= Work instructions =
What you submit must be an exact copy of the listing below, with no images in it.

= Source data =
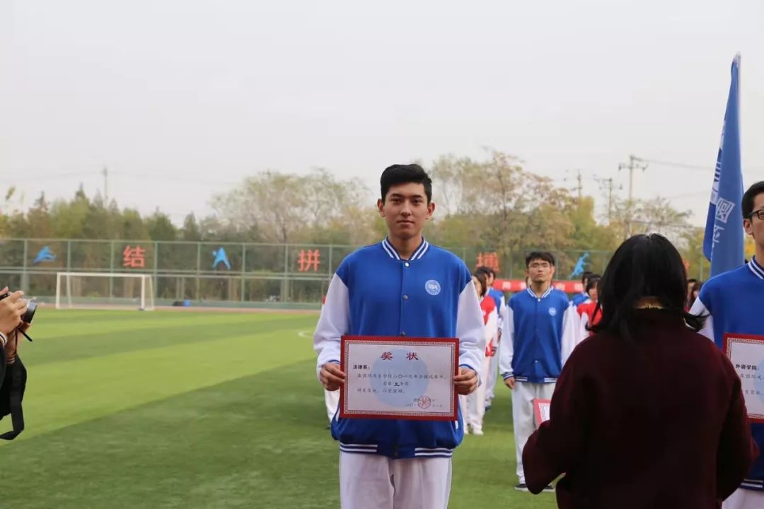 在本次比赛中,法律系的新生方阵按照抽签顺序压轴登场。随着指挥艾尼卡尔洪亮的口令,同学们动作整齐划一、口号雄浑有力。齐步正步交替之间,迈出的是法律系的气宇轩昂;向左向右转切之间,体现的是法律人的英姿飒爽。运动场与看台上法律系交相呼应的口号声雄浑响亮,法律系的激情回荡在整个操场。
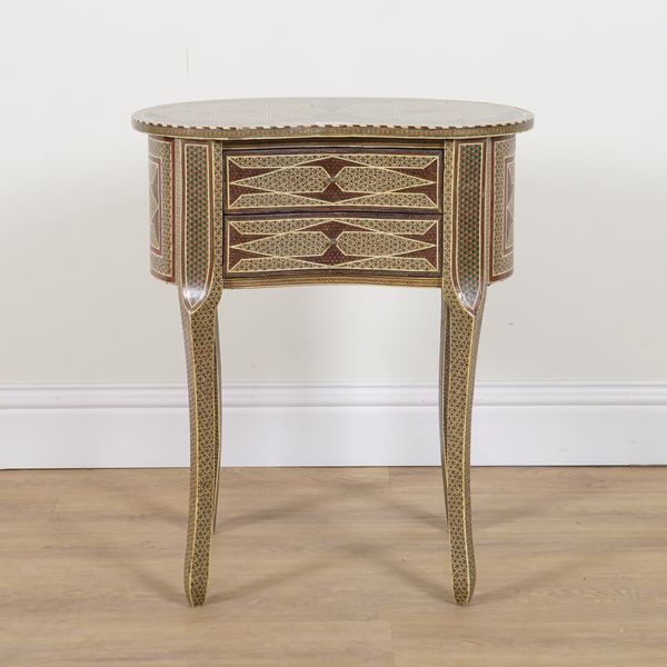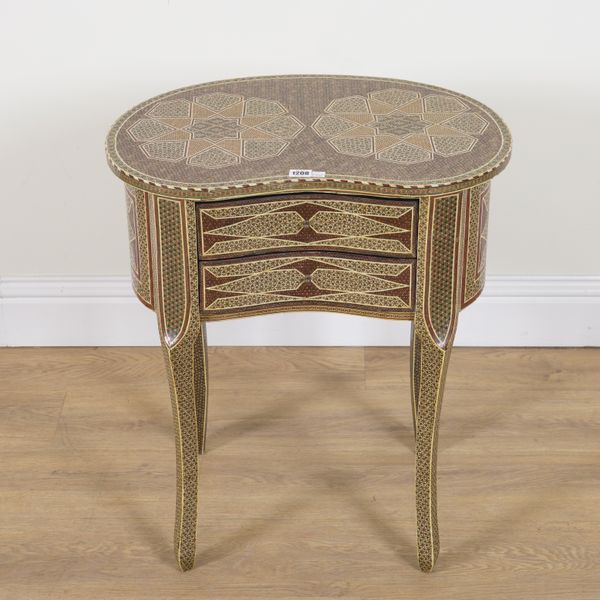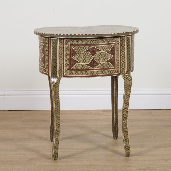 A PERSIAN DESIGN INLAID KIDNEY SHAPED OCCASIONAL TABLE
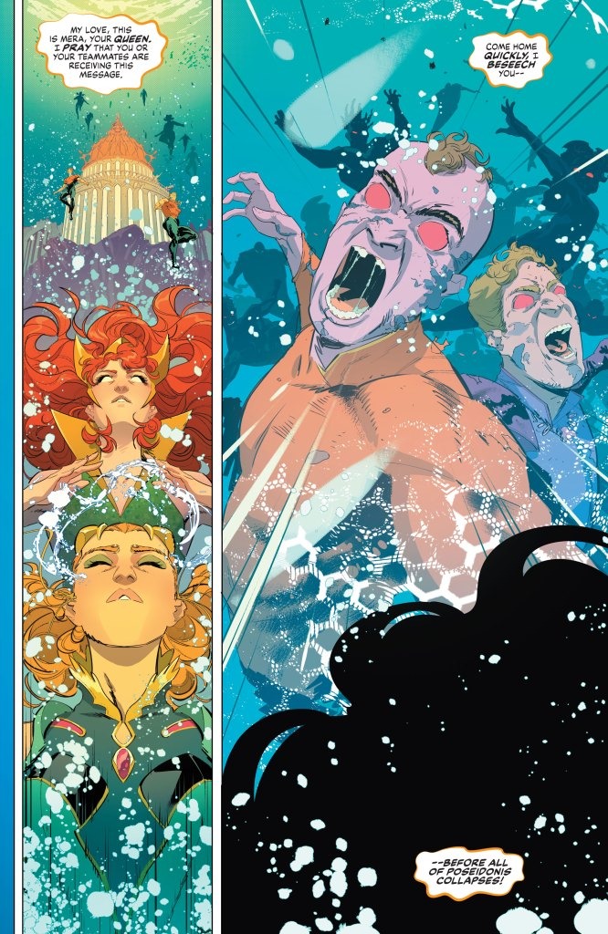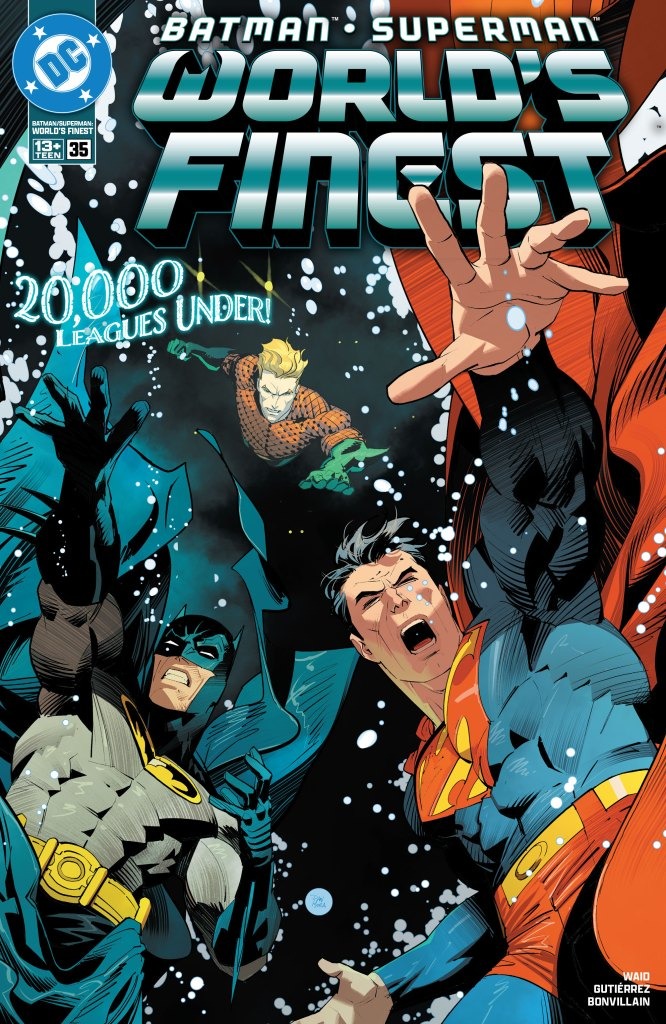 A distress call from Atlantis has brought Batman and Superman deep beneath the waves…and face to face with the king himself: Aquaman. But this man of two worlds harbors a secret, and it will be up to the Dark Knight and the Man of Steel to thwart a coup that threatens the peace of all undersea life! A new story arc begins as the World’s Finest travel under the sea with new ongoing series artist Adrián Gutiérrez!

= Result =
 在本次比赛中,法律系的新生方阵按照抽签顺序压轴登场。随着指挥艾尼卡尔洪亮的口令,同学们动作整齐划一、口号雄浑有力。齐步正步交替之间,迈出的是法律系的气宇轩昂;向左向右转切之间,体现的是法律人的英姿飒爽。运动场与看台上法律系交相呼应的口号声雄浑响亮,法律系的激情回荡在整个操场。
 A PERSIAN DESIGN INLAID KIDNEY SHAPED OCCASIONAL TABLE
 A distress call from Atlantis has brought Batman and Superman deep beneath the waves…and face to face with the king himself: Aquaman. But this man of two worlds harbors a secret, and it will be up to the Dark Knight and the Man of Steel to thwart a coup that threatens the peace of all undersea life! A new story arc begins as the World’s Finest travel under the sea with new ongoing series artist Adrián Gutiérrez!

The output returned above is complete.